#### [What to produce]
Repeat only what runs from the line with "小野瀬 みれさんを姓名の画数から五運を鑑定" through the last line of the data below, both included, keeping every word as it is and leaving out the pictures.
BEGIN Supplied material
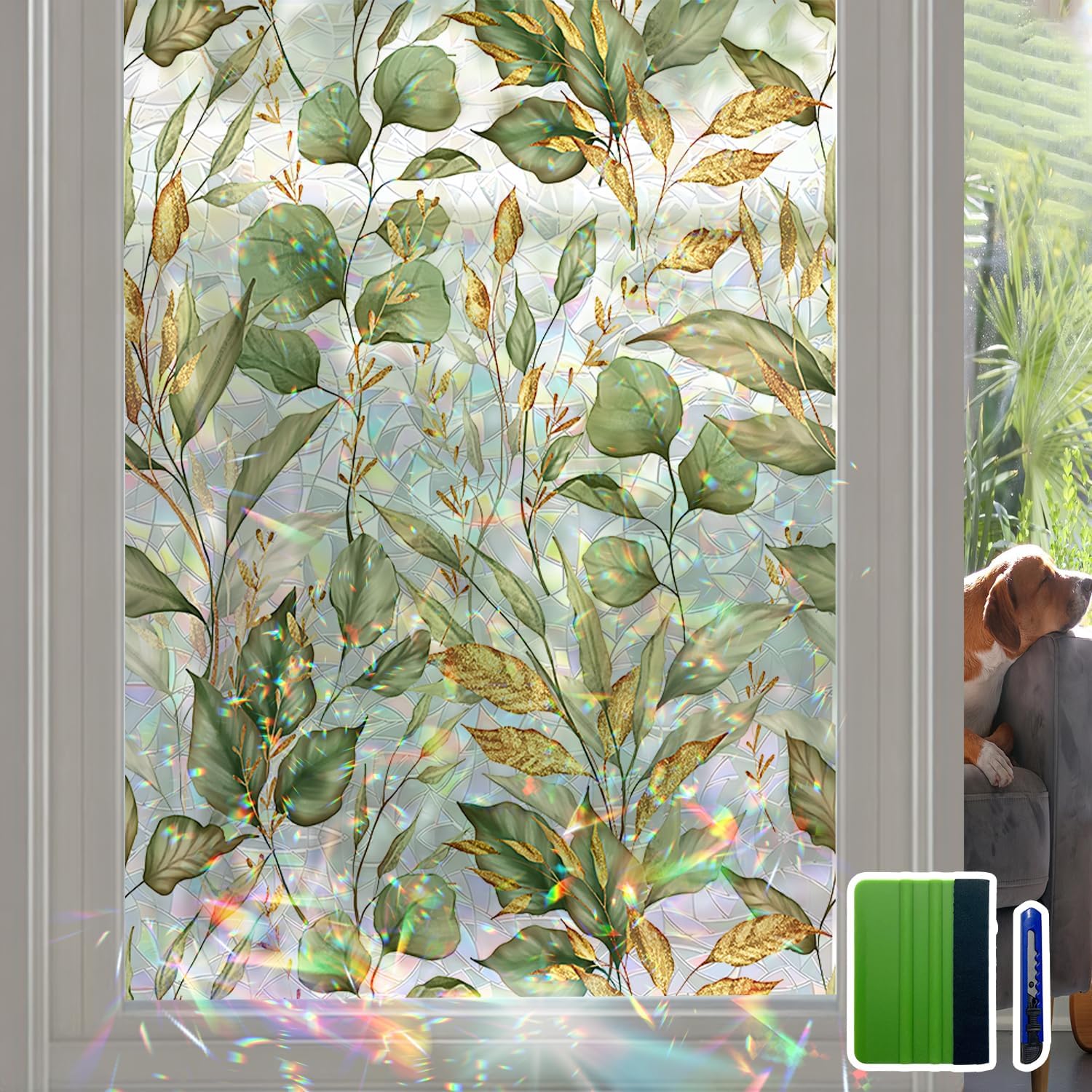 Rainbow Window Privacy Film with Tools, 3D Stained Glass Window Film, Spring & Autumn Leaves, 16.93" x 118.11"(43X300CM)
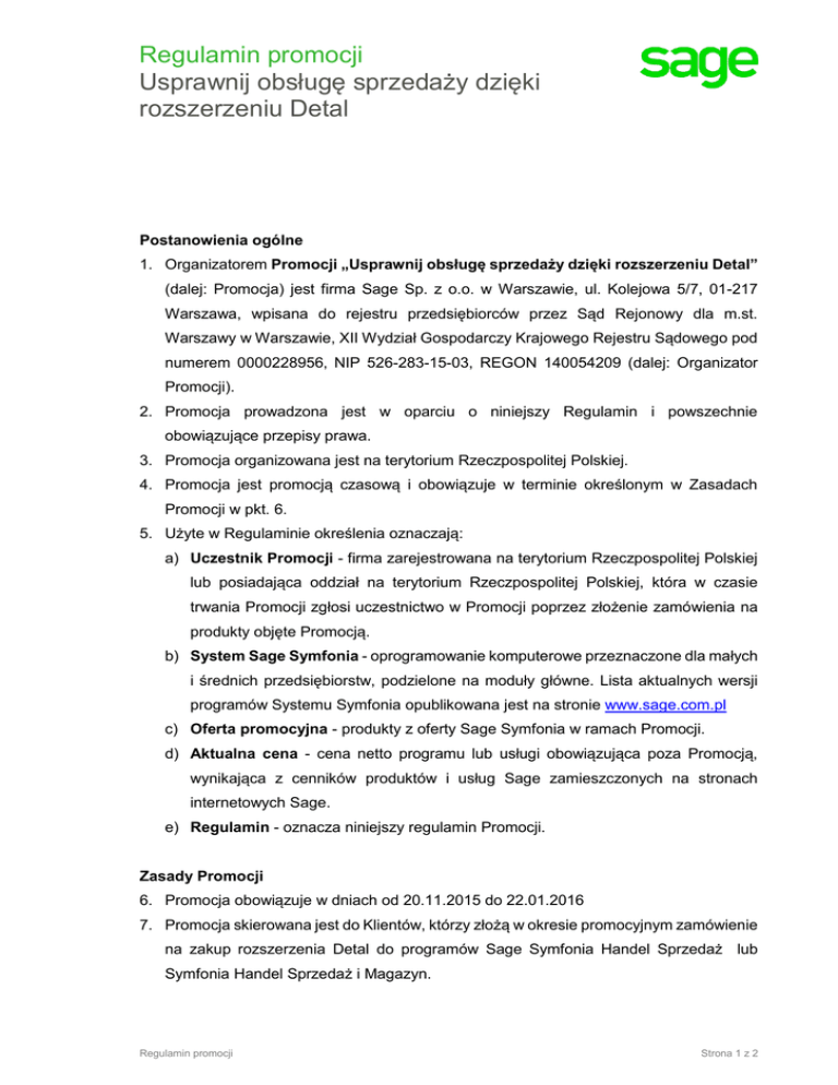 Regulamin promocji Usprawnij obsługę sprzedaży dzięki rozszerzeniu Detal Postanowienia ogólne 1. Organizatorem Promocji „Usprawnij obsługę sprzedaży dzięki rozszerzeniu Detal” (dalej: Promocja) jest firma Sage Sp. z o.o. w Warszawie, ul. Kolejowa 5/7, 01-217 Warszawa, wpisana do rejestru przedsiębiorców przez Sąd Rejonowy dla m.st. Warszawy w Warszawie, XII Wydział Gospodarczy Krajowego Rejestru Sądowego pod numerem 0000228956, NIP 526-283-15-03, REGON 140054209 (dalej: Organizator Promocji). 2. Promocja prowadzona jest w oparciu o niniejszy Regulamin i powszechnie obowiązujące przepisy prawa. 3. Promocja organizowana jest na terytorium Rzeczpospolitej Polskiej. 4. Promocja jest promocją czasową i obowiązuje w terminie określonym w Zasadach Promocji w pkt. 6. 5. Użyte w Regulaminie określenia oznaczają: a) Uczestnik Promocji - firma zarejestrowana na terytorium Rzeczpospolitej Polskiej lub posiadająca oddział na terytorium Rzeczpospolitej Polskiej, która w czasie trwania Promocji zgłosi uczestnictwo w Promocji poprzez złożenie zamówienia na produkty objęte Promocją. b) System Sage Symfonia - oprogramowanie komputerowe przeznaczone dla małych i średnich przedsiębiorstw, podzielone na moduły główne. Lista aktualnych wersji programów Systemu Symfonia opublikowana jest na stronie www.sage.com.pl c) Oferta promocyjna - produkty z oferty Sage Symfonia w ramach Promocji. d) Aktualna cena - cena netto programu lub usługi obowiązująca poza Promocją, wynikająca z cenników produktów i usług Sage zamieszczonych na stronach internetowych Sage. e) Regulamin - oznacza niniejszy regulamin Promocji. Zasady Promocji 6. Promocja obowiązuje w dniach od 20.11.2015 do 22.01.2016 7. Promocja skierowana jest do Klientów, którzy złożą w okresie promocyjnym zamówienie na zakup rozszerzenia Detal do programów Sage Symfonia Handel Sprzedaż lub Symfonia Handel Sprzedaż i Magazyn. Regulamin promocji Strona 1 z 2 8. Promocja polega na udzieleniu specjalnej ceny na zakup rozszerzenia Detal do programów Sage Symfonia Handel Sprzedaż i Magazyn oraz Sage Symfonia Handel Sprzedaż. Cena specjalna na sprzedaż rozszerzenia:: dla zakupu w licencji: 590 zł netto dla zakupu w subskrypcji rocznej: 340 zł netto dla zakupu w subskrypcji 3-letniej: 930 zł netto 9. Cena specjalna dotyczy zamówień złożonych do organizatora promocji do dnia 22.01.2016. Postanowienia końcowe 10. Skorzystanie z Promocji oznacza akceptację zasad określonych w niniejszym Regulaminie. 11. Zasady licencjonowania programów określa każdorazowo umowa licencji. 12. Oferty promocyjne nie łączą się z innymi promocjami i rabatami. 13. Zasady świadczenia Usług abonamentowych Sage zawarte są w odpowiednich regulaminach. Regulaminy świadczenia usług dostępne są odpowiednio na stronie http://www.sage.com.pl/uslugi/regulaminy 14. Z Promocji mogą skorzystać Klienci, którzy w Okresie promocyjnym złożą u Organizatora lub sieci Partnerów Sage (lista Partnerów Sage opublikowana jest na stronie internetowej http://www.sage.com.pl/gdzie-kupic) zamówienie na zasadach objętych Promocją. 15. Organizator zastrzega sobie prawo wykluczenia Uczestnika z Promocji ze skutkiem natychmiastowym, w przypadku stwierdzenia naruszenia postanowienia Regulaminu, mogącego mieć wpływ na przyznanie rabatu. W takim wypadku Uczestnik promocji będzie zobowiązany do zwrotu przyznanego rabatu. 16. Niniejszy regulamin jest jedynym dokumentem określającym zasady Promocji. 17. Materiały reklamowe mają jedynie charakter promocyjno-informacyjny. 18. Aktualnie obowiązujący cennik Sage dostępny jest na stronie www.sage.com.pl 19. W sprawach nieuregulowanych niniejszym Regulaminem stosuje się odpowiednio przepisy Kodeksu Cywilnego. 20. Wszelkie spory mogące wyniknąć w związku z realizacją Promocji będą rozstrzygane przez sąd właściwy miejscowo dla siedziby Organizatora Promocji. 21. Organizator promocji zastrzega sobie prawo do dokonania zmian w niniejszym Regulaminie lub zawieszenia promocji w każdym czasie bez podania przyczyny. Regulamin promocji Strona 2 z 2
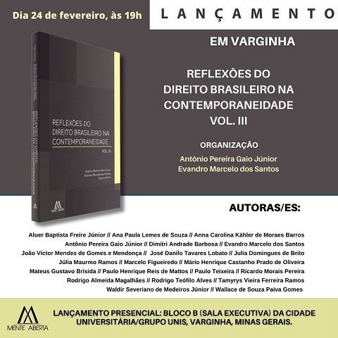 Além do capítulo que compõe o Volume III de “Reflexões do Direito Brasileiro na Contemporaneidade”, João Victor é coautor de outras três obras publicadas pela Editora CRV. Ele também é autor do livro “Paradoxo da Acessibilidade da Justiça e Exclusão Digital na Comarca de Três Pontas”, produzido durante sua tese de Doutorado. E os projetos continuam avançando: João Victor revela a coautoria em um novo livro que será lançado pelo Instituto Brasileiro de Ensino, Desenvolvimento e Pesquisa (IDP).
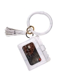 PREMIUM MATERIALSMade of PU leather and metal alloy. It include a keyring, a stylish tassel, a gold ring, a white round golden ornament and a detachable mini RFID credit card holder keychain.
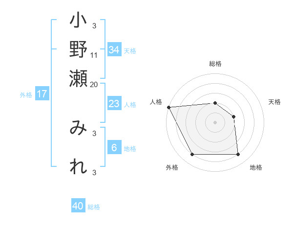 小野瀬 みれさんを姓名の画数から五運を鑑定
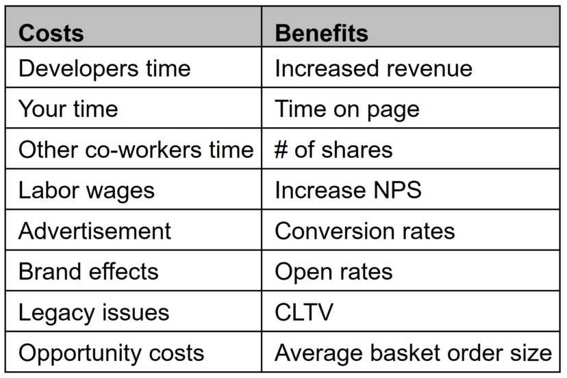 To conclude, we’ll need to perform a cost-benefit analysis. Wherever the benefits exceed the costs, that hypothetical MVP could be invested on, to become a fully functional product. Here are some things you could consider for your cost-benefit analysis:
END Supplied material
#### [Result of this exercise]
 小野瀬 みれさんを姓名の画数から五運を鑑定
 To conclude, we’ll need to perform a cost-benefit analysis. Wherever the benefits exceed the costs, that hypothetical MVP could be invested on, to become a fully functional product. Here are some things you could consider for your cost-benefit analysis:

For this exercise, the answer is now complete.